Problems with the Data
The Seven Countries study suffered from the inherent limitations of an ecologic design, as well
as the fact that within-country population samples were chosen by convenience rather than
randomization. Furthermore, while the predicted correlations were seen in six of the seven countries
surveyed, no dose dependent effect of fat or saturated fat intake was seen.

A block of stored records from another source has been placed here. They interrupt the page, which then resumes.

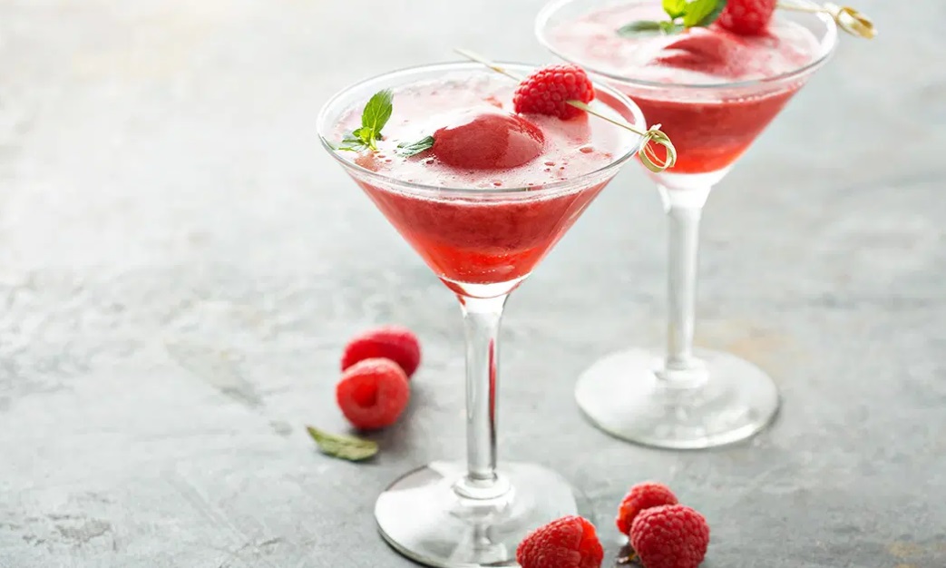 Sorbet pripravimo tako, da v vsak kozarec damo kepico malinove zmrzline, 0,3 dl vodke, 1 dl penečega vina, nekaj malin in lističev mete.
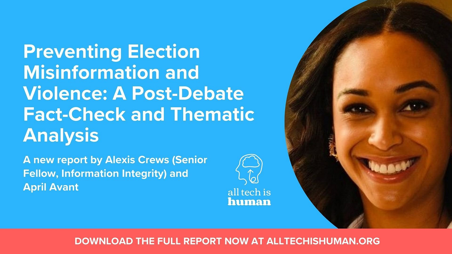 Alexis Crews (Senior Fellow for Information Integrity) shares her latest report, Debunking the Divide: A Post-Debate Analysis on Misinformation, Fear, and Election Integrity. It takes a deep dive into key claims from the 2024 presidential debate, exposing how misinformation and fear-based rhetoric are shaping public discourse. This report is an essential resource for anyone working to uphold election integrity, with fact-checking and detailed analysis designed to cut through the noise. You can read the full blog post and access the report here. ICYMI, Alexis hosted two fireside chats on September 12th with political experts focused on Demystifying the Conversation on Technology and Elections
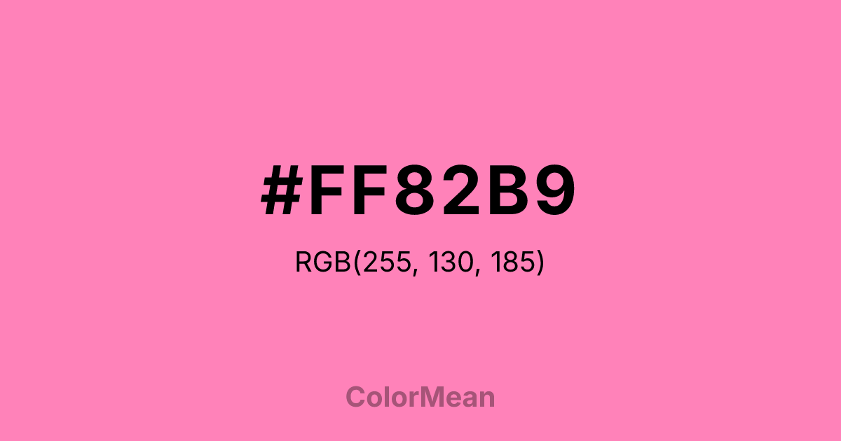 #FF82B9 RGB value is (255, 130, 185). The hex color red value is 255, green is 130, and blue is 185. Its HSL format shows a hue of 334°, saturation of 100 percent, and lightness of 75 percent. The CMYK process values are 0 percent, 49 percent, 27 percent, 0 percent.
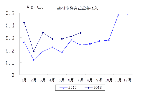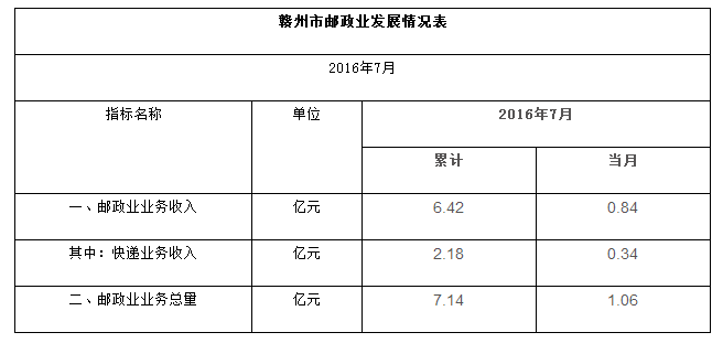 2016年7月,贛州市郵政企業(yè)和快遞服務(wù)企業(yè)業(yè)務(wù)收入(不包括郵政儲蓄銀行直接營業(yè)收入)0.84億元,本年累計完成6.42億元;業(yè)務(wù)總量1.06億元,本年累計完成7.14億元。
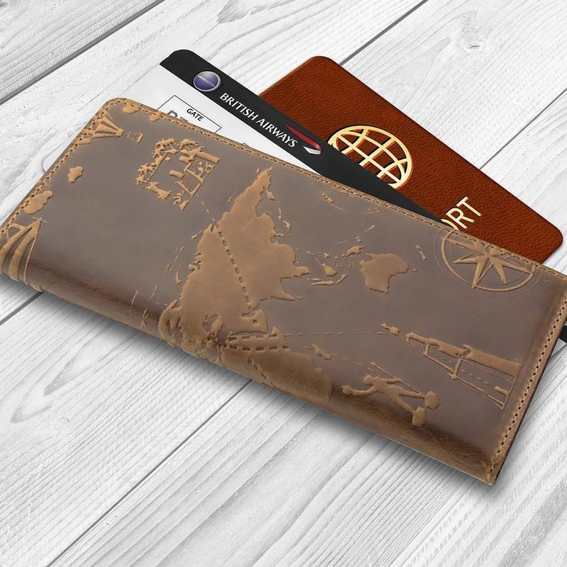 Темно рыжий кожаный бумажник hi art wp-02 shabby cumaru "7 wonders of the world"
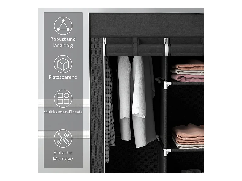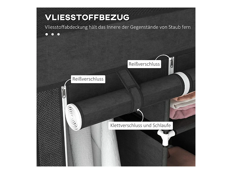 Armoire en tissu avec fermeture éclair – 1 tringle et 10 étagères, 150 x 43 x 162,5 cm, pratique, robuste et gain de place
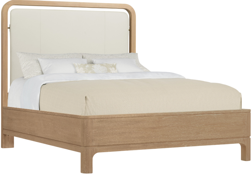 The bed includes a headboard, footboard, and rails, with the leather-upholstered headboard featuring an open frame and metal supports. Its contemporary aesthetic fits perfectly into urban, coastal, or mountain settings, offering a stylish and cozy retreat. Developed with an eclectic mindset, Banyon Bay is youthful and cool, combining precise geometry and gentle contours with natural textures and materials. Delivering smooth contemporary lines, this modern collection is a perfect fit for a casual lifestyle, moving effortlessly between urban, coastal, and mountain settings. Modestly scaled, this collection features white oak veneers and solids in a light Desert Oak finish, accented with an authentic mix of organic materials, creating a cohesive, casual look.
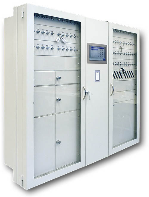 Keys are secured by locks and RFID tags. Access to keys with PIN code and/or card.
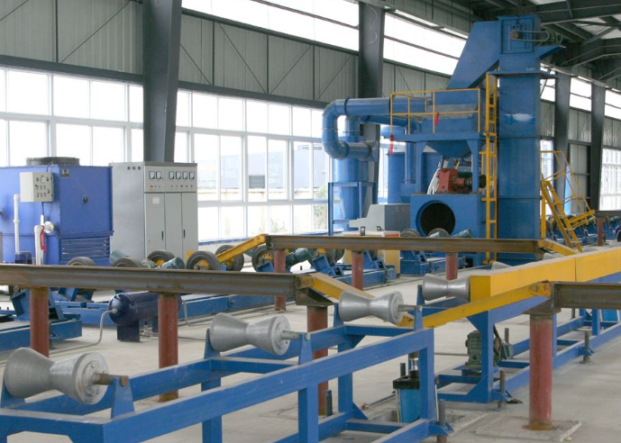 鋼管拋丸機由送進輥道、拋丸清理機、送出輥道、下料機構、氣控系統(tǒng)、電控系統(tǒng)及除塵系統(tǒng)等組成。拋丸清理機由拋丸室、拋丸器總成、溜丸斗及格柵、丸渣分離器、提升機、平臺梯子欄桿、供丸系統(tǒng)等部件組成。

Because Framingham was a cohort study, its results were inherently more reliable than the Seven
Countries study (and validity was assumed to extend beyond the township.) However, confounding by
interrelationship between studied variables (intake of fat, saturated fat and total calories, as well as
cigarette smoking) could not be factored out.
Also, the biological plausibility needed to infer causation from association has faded with
increasing knowledge. We now know that the cholesterol and fat in sclerotic vessels is produced locally
via a type of inflammatory process, and that serum lipids play an irritant, not a depository role.
Furthermore, as already alluded to, levels of total cholesterol are no longer the point at issue.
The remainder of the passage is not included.